------ Input data ------
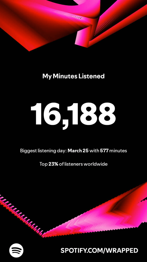 Hey all! I was once again surprised by my Spotify wrapped. I thought I’d listened to more music this year than last, so I was shocked to see that I actually listened to 3,000 minutes less. Very little of it was me just sitting and listening. For the most part, I had the songs on for background music when I was writing or working.
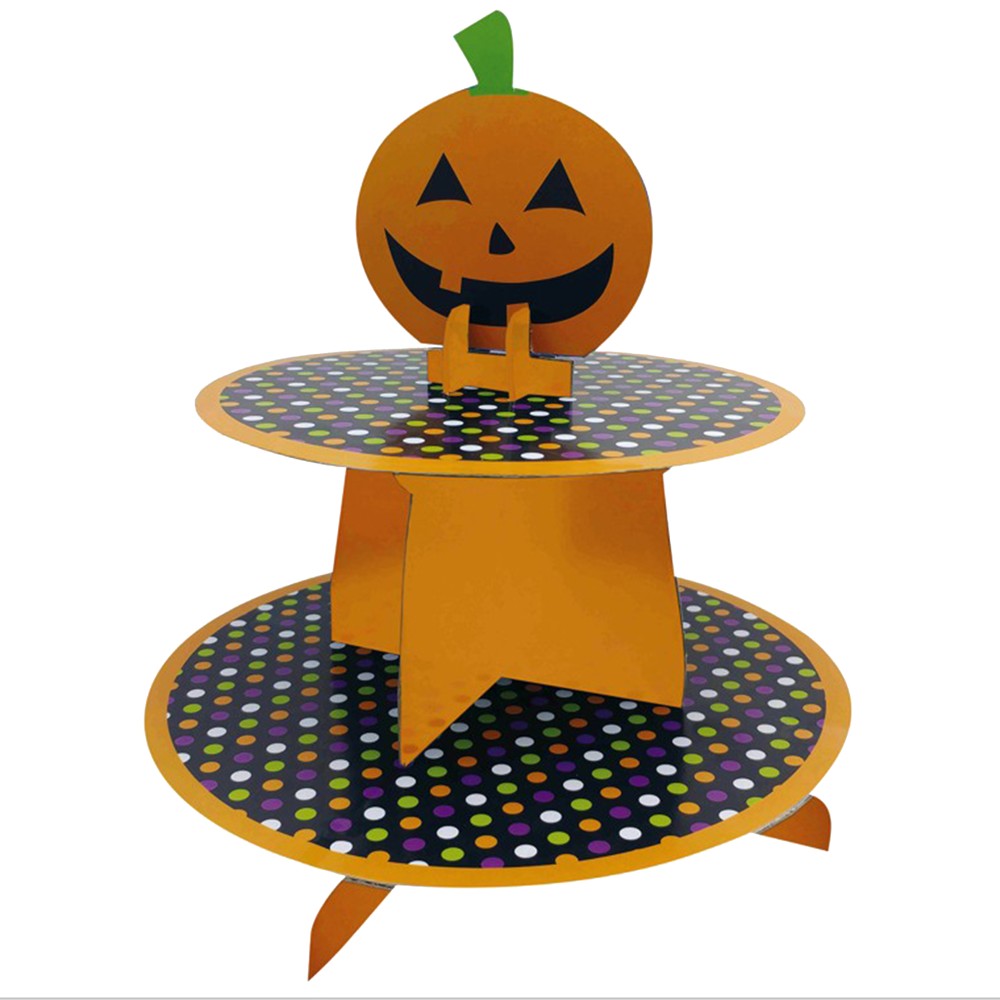 Mbajtëse ëmbëlsirash, Halloween, 2 kate, karton, portokalli dhe e zezë, 1 copë
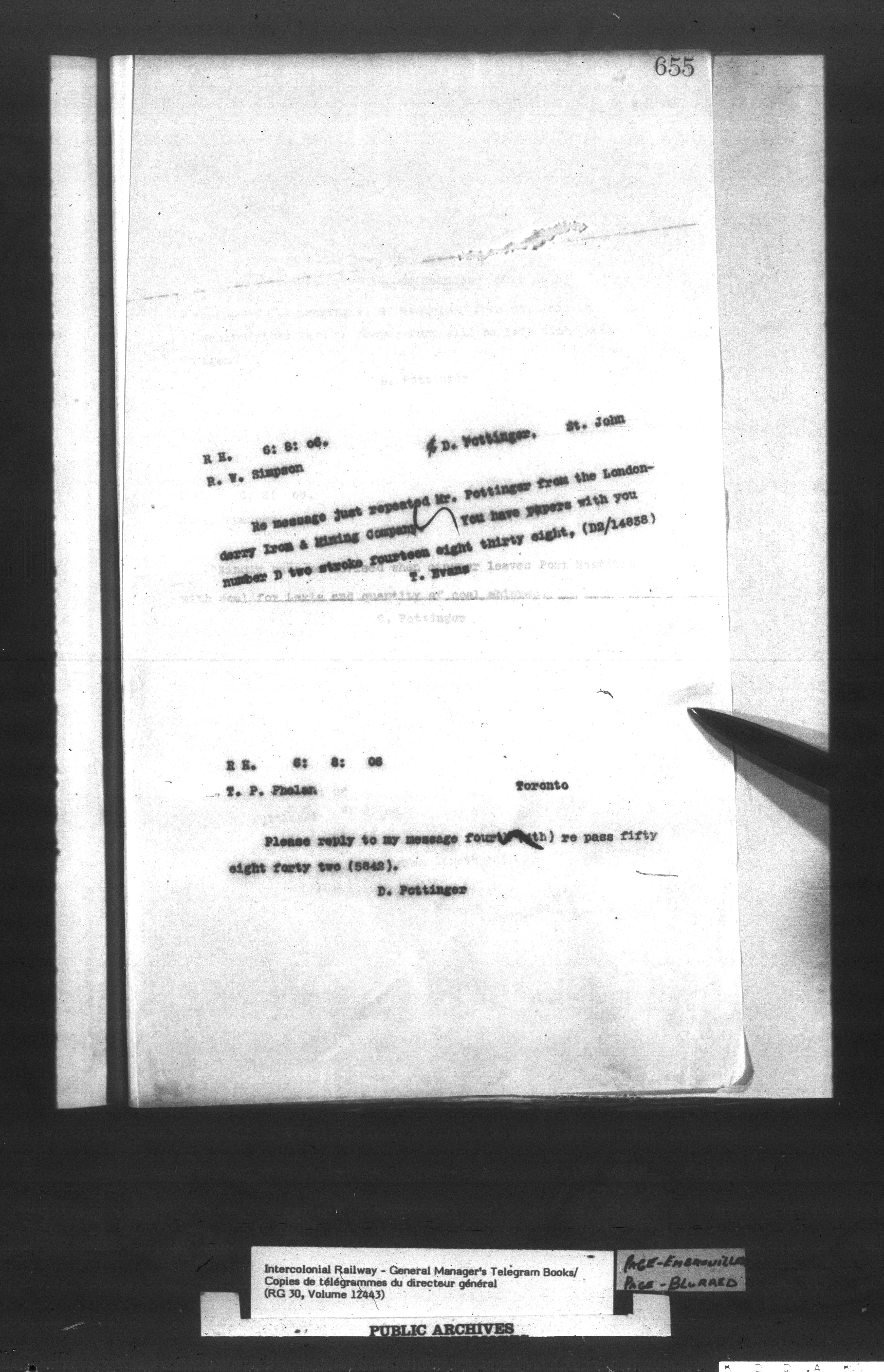 Canadian Government Railways : Office of the General Manager, Copies of telegrams - 13440
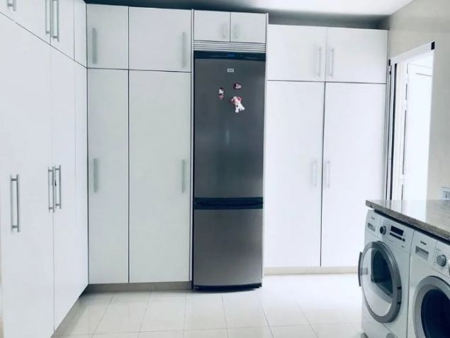 Byt je zařízený a vybavený, pračka, myčka, mikrovlnná trouba, fén, lednice, sporák atd.
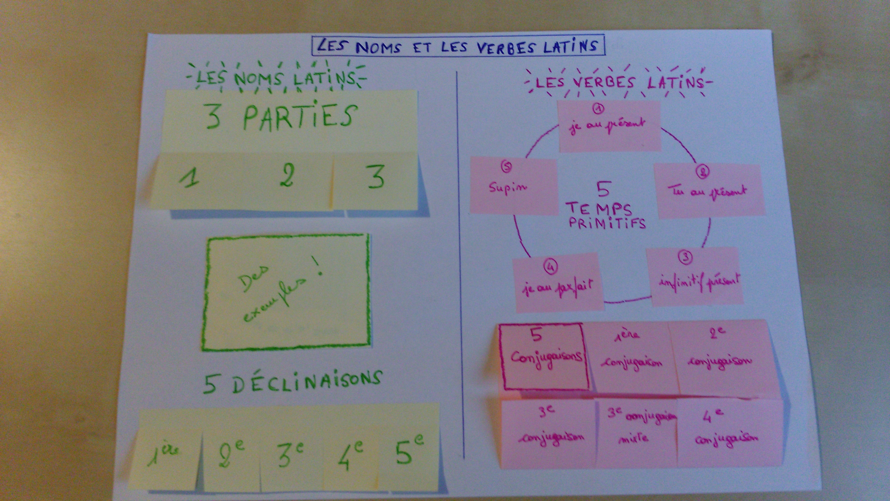Lors de la phase d’explicitation et le retour au groupe-classe, après collecte des résultats de groupe, un deuxième "Je retiens" est rédigé, fixant cette fois la présentation des verbes latins en cinq temps primitifs et le principe de discrimination des cinq conjugaisons.
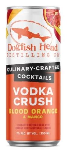 Enjoy a unique blend of flavors with Dogfish Head Culinary-Crafted Cocktails Blood Orange & Mango Vodka Crush. Distilled vodka infused with blood oranges and mango forms the heart of this beverage, complemented by a topping of orange and mango juice along with a hint of citrus. This ready-to-drink cocktail offers a juicy burst of flavor, light and refreshing on the palate. It is an excellent companion to dishes such as blackened chicken or fish. Alcohol by volume: 7%
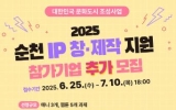 목포 박정래 기자2025. 07.04[나이스데이]순천시는 오는 10일까지 신규 IP를 활용한 문화콘텐츠의 초기 창·제작비를 지원하는 ‘순천 IP 창·제작 지원 사업’의 참가기업을 추가 모집한다고 밝혔다. 이번 사업은 콘텐츠 기업의 현장 목소리를 듣고 추진하는 사업이다. 애니메이션 및 웹툰 분야의 창·제작 초기 단계에 필요한 비용을 지원함으로써, 지역 내 콘텐츠 기업이 안정적으로 정착 및 성장할 수 있도록 돕기 위함이다. 모집대상은 20인 이하 관내 중소 콘텐츠 기업이며 관내 입주예정 기업과 개인 사업자도 신청 가능하다. 지원규모는 애니메이션 최대 1억 1천만 …
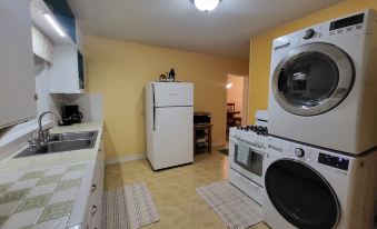 • Laundry area with washer, dryer, and supplies (in kitchen)
------
◆ Exercise ◆
Hand back all the entries exactly, leaving out the pictures.

◆ Response to the exercise ◆
 Hey all! I was once again surprised by my Spotify wrapped. I thought I’d listened to more music this year than last, so I was shocked to see that I actually listened to 3,000 minutes less. Very little of it was me just sitting and listening. For the most part, I had the songs on for background music when I was writing or working.
 Mbajtëse ëmbëlsirash, Halloween, 2 kate, karton, portokalli dhe e zezë, 1 copë
 Canadian Government Railways : Office of the General Manager, Copies of telegrams - 13440
 Byt je zařízený a vybavený, pračka, myčka, mikrovlnná trouba, fén, lednice, sporák atd.
Lors de la phase d’explicitation et le retour au groupe-classe, après collecte des résultats de groupe, un deuxième "Je retiens" est rédigé, fixant cette fois la présentation des verbes latins en cinq temps primitifs et le principe de discrimination des cinq conjugaisons.
 Enjoy a unique blend of flavors with Dogfish Head Culinary-Crafted Cocktails Blood Orange & Mango Vodka Crush. Distilled vodka infused with blood oranges and mango forms the heart of this beverage, complemented by a topping of orange and mango juice along with a hint of citrus. This ready-to-drink cocktail offers a juicy burst of flavor, light and refreshing on the palate. It is an excellent companion to dishes such as blackened chicken or fish. Alcohol by volume: 7%
 목포 박정래 기자2025. 07.04[나이스데이]순천시는 오는 10일까지 신규 IP를 활용한 문화콘텐츠의 초기 창·제작비를 지원하는 ‘순천 IP 창·제작 지원 사업’의 참가기업을 추가 모집한다고 밝혔다. 이번 사업은 콘텐츠 기업의 현장 목소리를 듣고 추진하는 사업이다. 애니메이션 및 웹툰 분야의 창·제작 초기 단계에 필요한 비용을 지원함으로써, 지역 내 콘텐츠 기업이 안정적으로 정착 및 성장할 수 있도록 돕기 위함이다. 모집대상은 20인 이하 관내 중소 콘텐츠 기업이며 관내 입주예정 기업과 개인 사업자도 신청 가능하다. 지원규모는 애니메이션 최대 1억 1천만 …
 • Laundry area with washer, dryer, and supplies (in kitchen)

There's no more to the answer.